Exercise details: Nothing but the lines below from the one holding "W118 BY WALTER" up to and including the one holding "为落实学校党委关于党纪学习教" should be copied, exactly and without pictures.

Dataset:
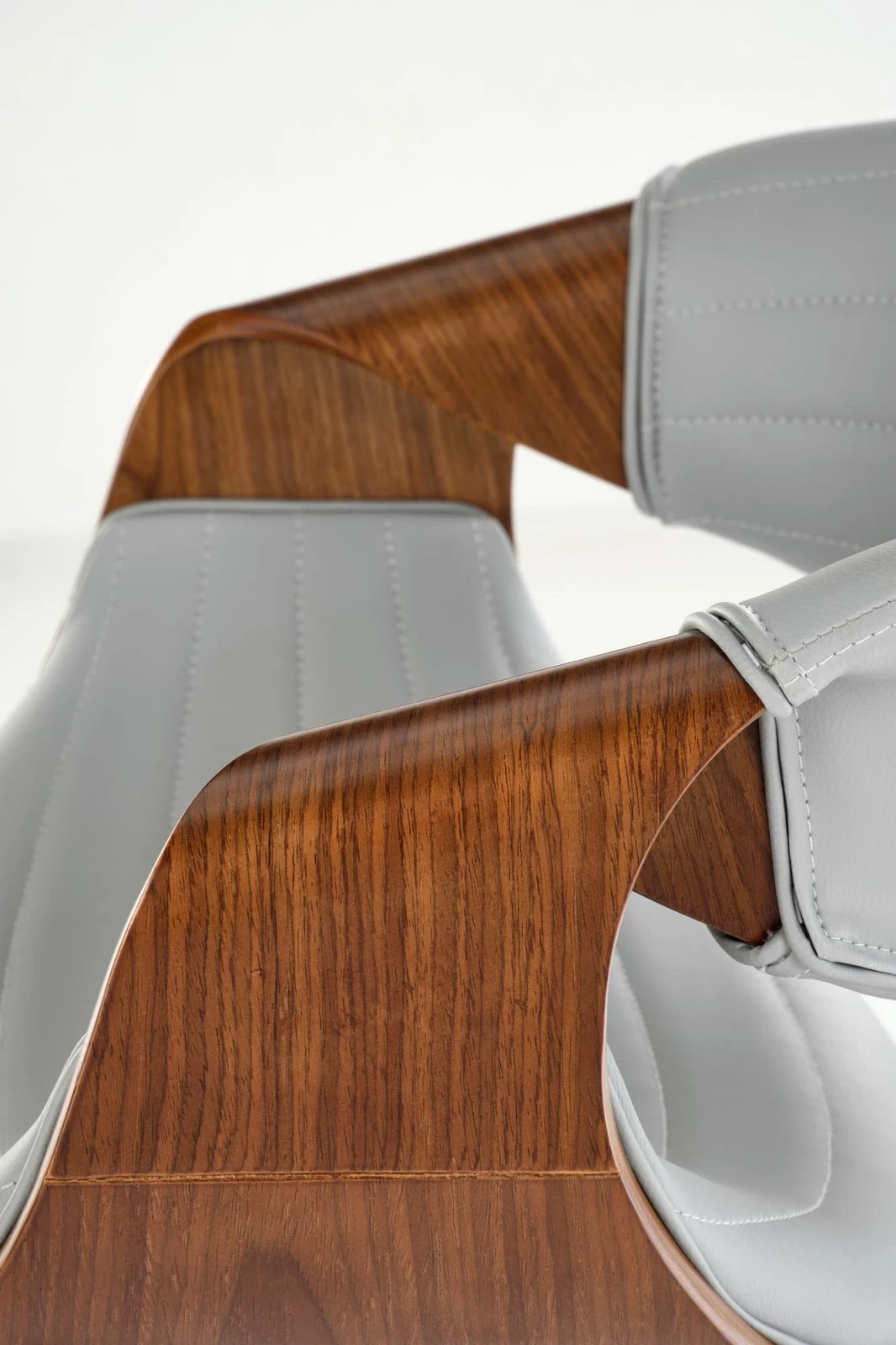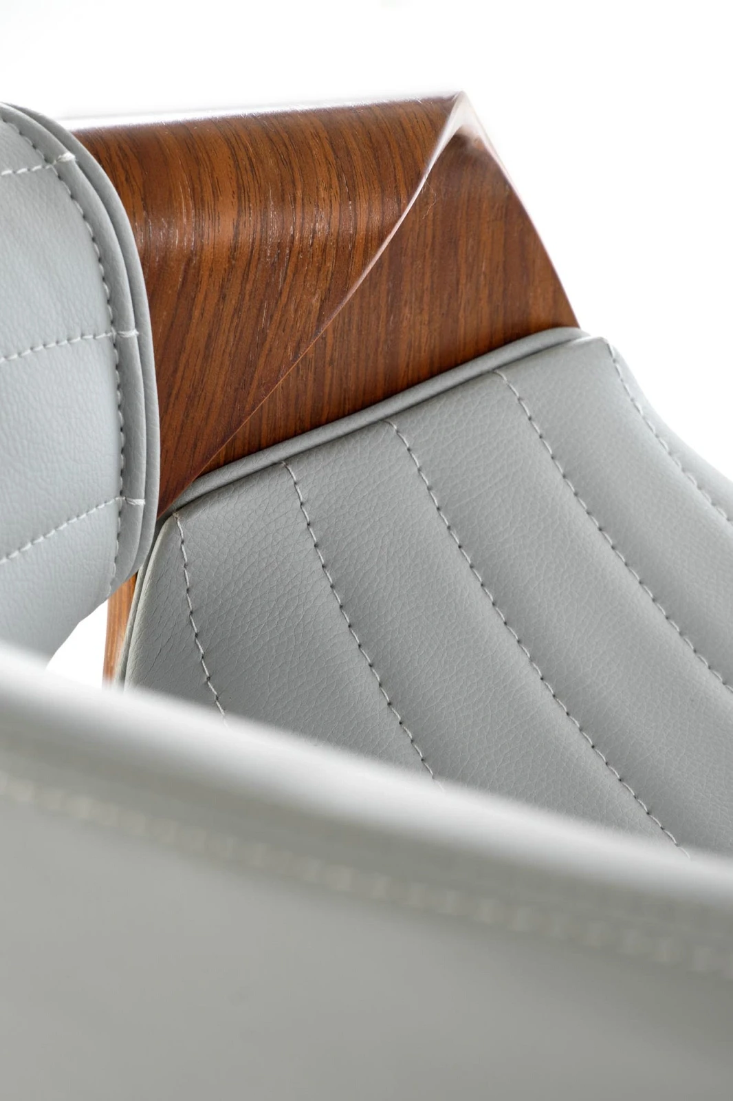 Hoker H123 to nowoczesne połączenie elegancji i funkcjonalności, które wprowadzi wyjątkowy charakter do każdej kuchni, jadalni czy przestrzeni barowej. Jego niebanalna forma, inspirowana stylem retro z nutą współczesnego minimalizmu, przyciąga wzrok i podkreśla dbałość o detale. Profilowane siedzisko oraz ergonomicznie wygięte oparcie wykonane z miękkiej ekoskóry zapewniają nie tylko wygodę, ale też stylową estetykę. Całość osadzona została na stabilnej, giętej ramie ze sklejki w odcieniu orzecha, co dodaje ciepła i naturalnego wyrazu. Chromowany podnóżek nie tylko podnosi komfort użytkowania, ale również wprowadza subtelny, nowoczesny akcent. Model H123 to doskonały wybór dla osób, które cenią wysoką jakość wykonania, komfort i ponadczasowy design.
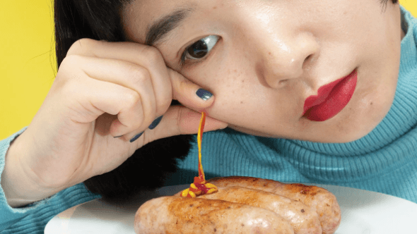 Miyazaki memparodikan, dengan kemahiran seni dan fotografinya, memencet jerawat yang kerap dilakukan kebanyakan orang. Di tangan perempuan 25 tahun ini jerawat menjelma kaviar, sedangkan cairannya berhasil diubah jadi mustard.
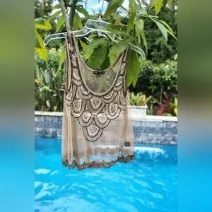 W118 BY WALTER BAKER SHEER BEADED STUNNING ART DECO TOP WOMEN'S Sz M
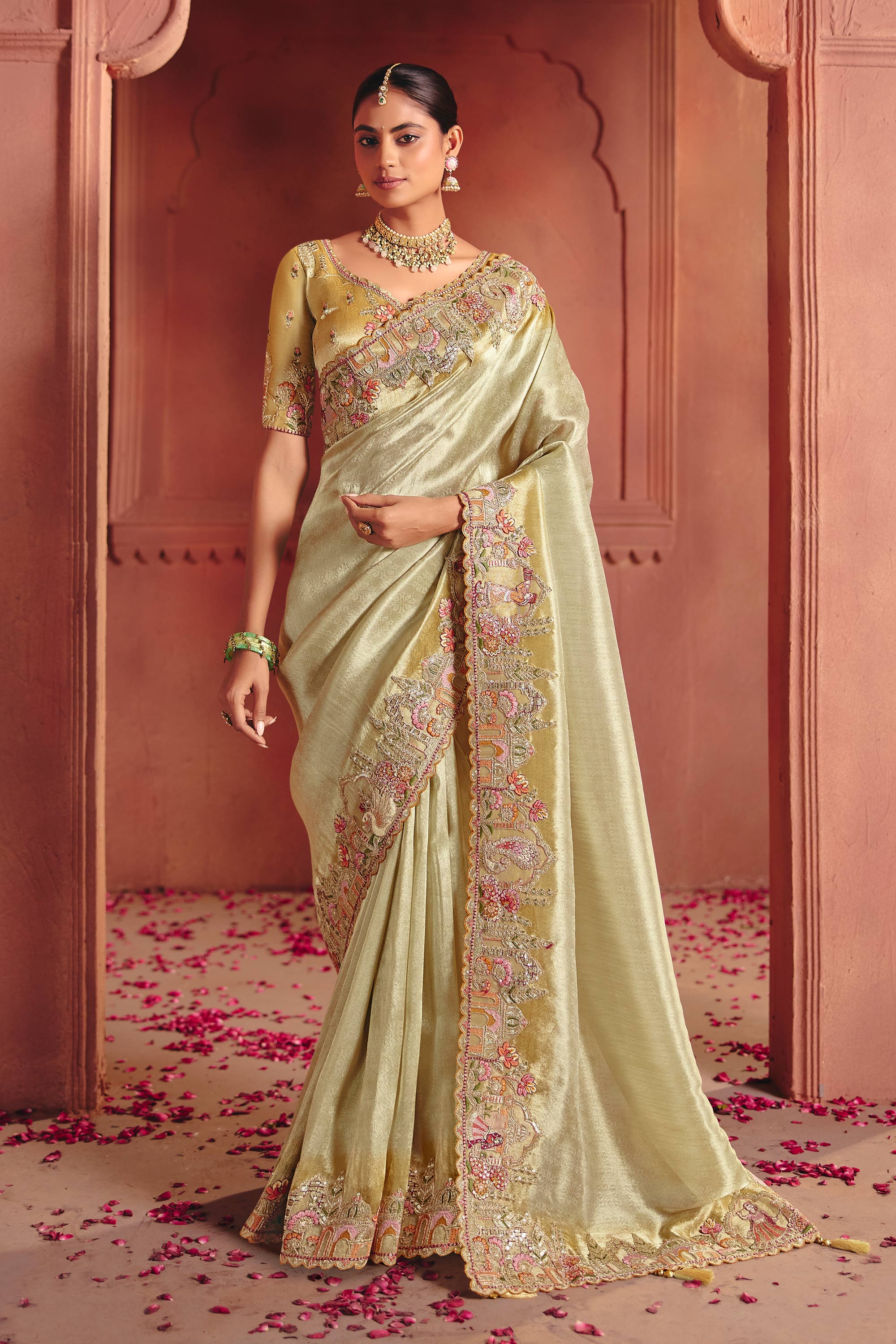 Peach Wedding Wear Silk Fabric Embroidered Saree
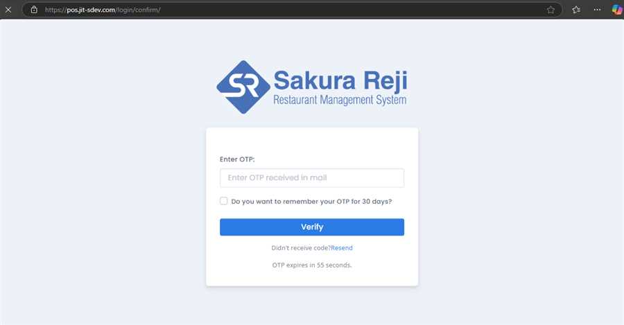 Enter the OTP code received in your email and then click on the verify button. You can get new code by clicking on the Resend link below the Verify button in case the code is expired.
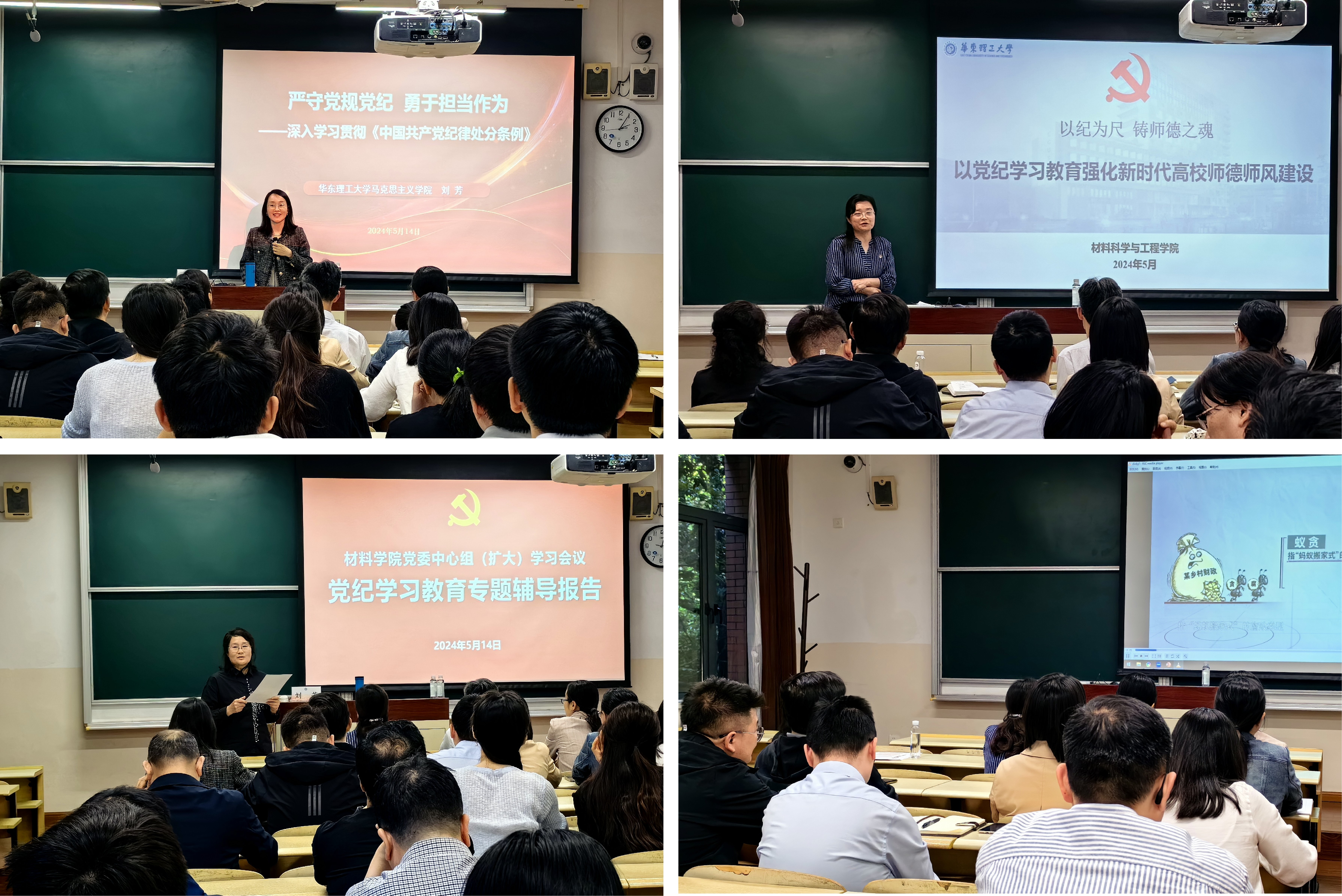 为落实学校党委关于党纪学习教育的相关要求,推进党纪学习教育走深走实,5月14日,澳门古天乐太阳集团官网党委中心组(扩大)学习会议在七教101召开。围绕新修订的《中国共产党纪律处分条例》(以下简称《条例》)的学习,会议邀请马克思主义学院副教授、党委委员、工会主席刘芳作专题辅导报告,澳门古天乐太阳集团官网党委书记袁媛上纪律党课,教工党员集体观看了警示教育片。澳门古天乐太阳集团官网党政领导班子成员、党委委员、纪委委员、师生党支部书记、纪检委员、教师党员代表、新进教职工、专职组织员等50余人参加学习。会议由学院党委副书记兼纪委书记苏建玲主持。
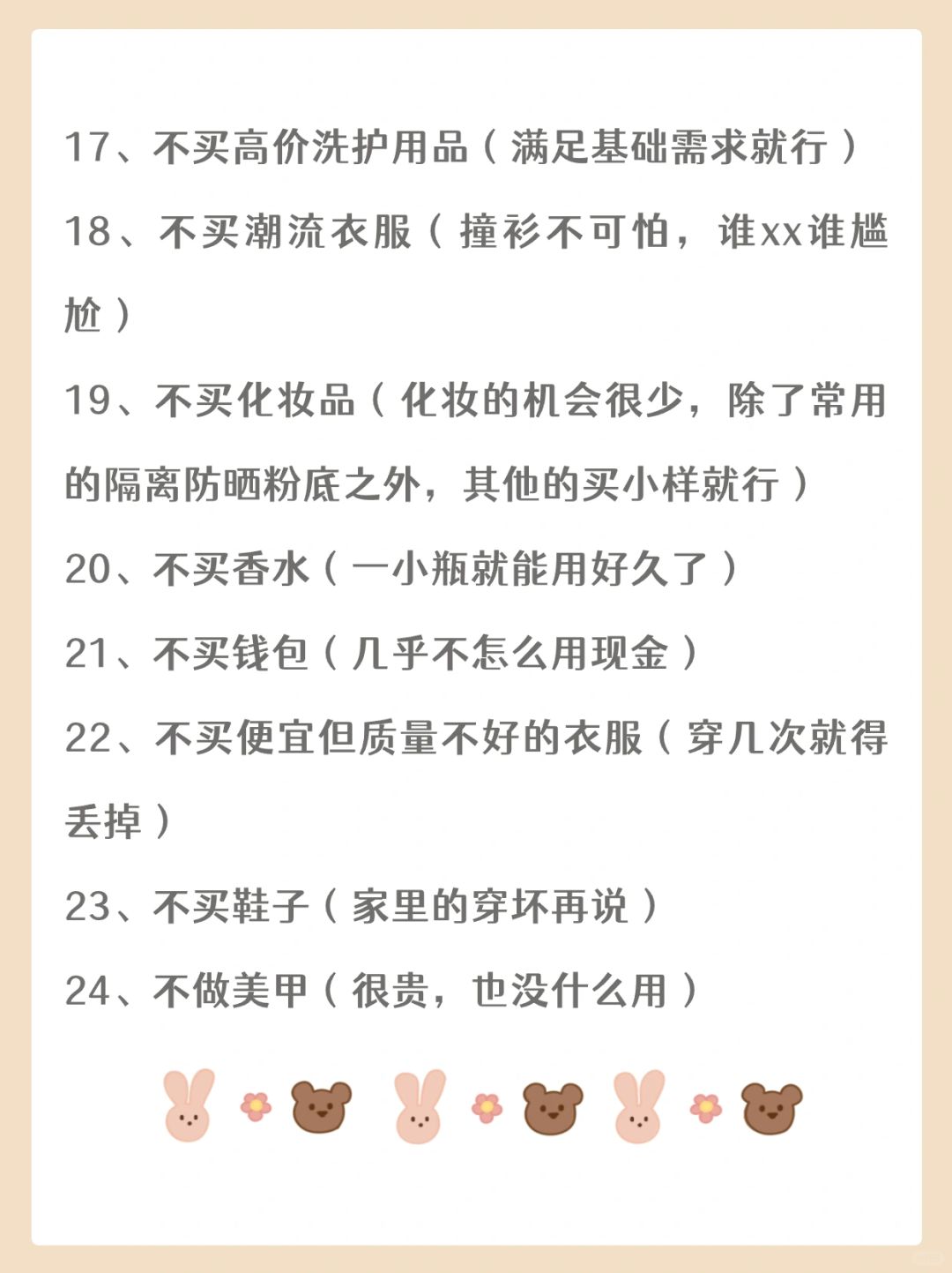 你好啊,我是玖玖 . 双十一预售已经开始啦,昨晚玖玖的一个姐妹,兴致冲冲给我发来了拼单链接🔗 . 我看了眼家里去年囤的纸巾,决定退出这一次的“血拼”[害羞R] . 其实,越是这样人人上头的大.促时刻,越要让自己保持清醒💥 . 玖玖根据自己的情况,整理出了【40个不买清单】✨,希望能唤回姐妹们的一丝丝理性,保持理智消费~ . 💗我是玖玖,一个热爱搞钱的95后深漂打工人 📌持续分享 理财知识 | 搞钱技巧 | 成长干货 💫希望遇见同频的你,一起解锁被动收入 .

Solution to the exercise:
 W118 BY WALTER BAKER SHEER BEADED STUNNING ART DECO TOP WOMEN'S Sz M
 Peach Wedding Wear Silk Fabric Embroidered Saree
 Enter the OTP code received in your email and then click on the verify button. You can get new code by clicking on the Resend link below the Verify button in case the code is expired.
 为落实学校党委关于党纪学习教育的相关要求,推进党纪学习教育走深走实,5月14日,澳门古天乐太阳集团官网党委中心组(扩大)学习会议在七教101召开。围绕新修订的《中国共产党纪律处分条例》(以下简称《条例》)的学习,会议邀请马克思主义学院副教授、党委委员、工会主席刘芳作专题辅导报告,澳门古天乐太阳集团官网党委书记袁媛上纪律党课,教工党员集体观看了警示教育片。澳门古天乐太阳集团官网党政领导班子成员、党委委员、纪委委员、师生党支部书记、纪检委员、教师党员代表、新进教职工、专职组织员等50余人参加学习。会议由学院党委副书记兼纪委书记苏建玲主持。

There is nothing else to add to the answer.